The spaces disappear here because you do not enclose your file data or code within the "code" tags. (Notice how the actual code posted by the forum members has a nice little box around it with the title "Code:" at the top.)

If you sandwich the desired text within "code" tags, without any space between "code", "]", "[" and "/" :

[ code ] <your_text_here> [ / code ]

then the leading spaces will be preserved.

Alternatively, if you are feeling lazy to actually type the "code" tags, then you can do this -
(a) select the desired text, and
(b) click on the "#" icon in your Message Box right above the response area
The dynamic script associated with the web page will put the "code" tags for you.

HTH,
tyler_durden

____________________________________________________________
"This is your life and it's ending one minute at a time."

Hallo durden_tyler,
At first I want to thank you for your help. Thanks a lot...I am very new in scripting. Can you please explain the filed (.*?)\+{11}/msgi) for your code in my thread help?
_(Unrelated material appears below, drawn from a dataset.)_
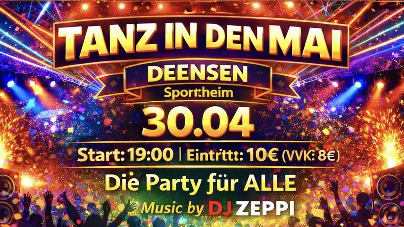 Deensen (red). Auch im Jahr 2026 lädt der VfR Deensen zum traditionellen Tanz in den Mai am 30. April ein. Gefeiert wird am Sportheim in Deensen in stimmungsvoller Atmosphäre mit Musik, Getränken und kulinarischen Angeboten.

Actually I am trying to learn. So it will be really helpful. And one more question How can I make this script executable.

My try was:
#!/usr/bin/perl -w

$#ARGV==1 or die "Usage: 2ndprocess-script 1st-output-file-as-inputfile\n";

$input=shift;

perl -ne '{$/=""; $i=1;
while (/^Taxonomy:.(.*?)\+{11}/msgi) {
$x = $1; $x =~ s/(^|\n)\s+/\1/g;
open(OUT,">outfile".$i++.".txt"); print OUT $x; close(OUT);
}}' $1;

-----------------------------
which didn't work.
Can you please help me to learn this?
Thank you very much once again.
Have anice time.
Best wishes,
Mitra

Hallo durden_tyler,
At first I want to thank you for your help. Thanks for the help in writing also. Now I can use that.Thanks a lot...I am very new in scripting. Can you please explain the filed (.*?)\+{11}/msgi) for your code in my thread help?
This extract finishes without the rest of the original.